Dairy exports are forecasted to decline some from last year’s record, as milk production is increasing in each of the five major dairy exporters. But, after rather poor milk production in each of these exporters last year, and strong world demand, there are not surplus dairy stocks in any of the countries. It will take some time to rebuild stocks, and world demand is expected to continue a strong level. So, U.S. dairy exports ought to remain at high levels through the first half of the year, and end the year down only slightly from last year’s record.
The level of milk production is the major factor on how long milk prices hold. Margins for dairy producers are very good, and history says dairy producers will maintain or increase cow numbers and feed for high milk production per cow. Despite high slaughter cow prices, dairy farmers may reduce culling of cows. The Jan. 1 cattle inventory also shows the total number of dairy replacements about unchanged from a year ago, with the number to calve this year up by 1.8%. However, lower quality forages appear to be reducing milk per cow in some states like Minnesota and Wisconsin.
USDA’s report on January milk production shows milk per cow compared to a year ago down 1.2% in Minnesota and 2.9% in Wisconsin. Of the 23 reporting states, milk per cow was down in 10, with the average increase of 0.9%. Tighter supplies of quality forages may be reducing cow numbers in some state. Cow numbers were down 1.1% in Minnesota and 2.4% in Idaho. Of the 23 reporting states, cow numbers were down in 9, and just 0.1% higher.
Compared to a year earlier, January milk production was up in 16 states and lower in 7. California, plagued most of last year with high feed costs resulting in unfavorable dairy producer margins, ended up with 1.3% less milk than 2012. But, much improved milk prices and lower feed costs are resulting in increased milk production. In January California had 0.1% more cows producing 4.6% more milk per cow, resulting in 4.7% more milk.

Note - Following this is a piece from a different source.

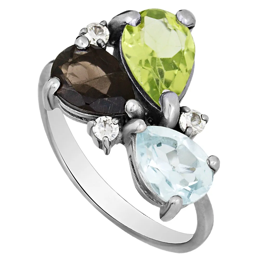 Серебряное кольцо "Капель" с натуральными камнями хризолит, голубой топаз Sky и раухтопаз, без покрытия. Средний вес украшения с камнями 3,05 гр. Месторождение(я) камней: Хризолит (Якутия, Россия) , Топаз (Ильменские горы, Россия), Раухтопаз (Дымчатый кварц) (м-ние Додо ХМАО, Россия). Хризолит (Натуральный) груша: 6*9 мм., средний вес 1,00 карат. Раухтопаз (Натуральный) груша: 5*7 мм., средний вес 0,70 карат. Топаз (Натуральный) груша: 5*7 мм., средний вес 0,80 карат.

Texas which increased milk production just 0.1% last year, increased cow numbers by 1.1% and milk per cow by 2.1%, for an increase in milk production of 3.3% in January. Compared to January a year ago, milk production was up just 0.8% in Arizona and 0.4% in Idaho, and down 0.9% in New Mexico. In the Northeast, milk production was up just 0.3% in New York and 0.4% in Pennsylvania, but down 1.3% in Ohio. In the Upper Midwest milk production was up 1.3% in Michigan, but down 2.3% in Iowa, 2.1% in Minnesota and 2.9% in Wisconsin.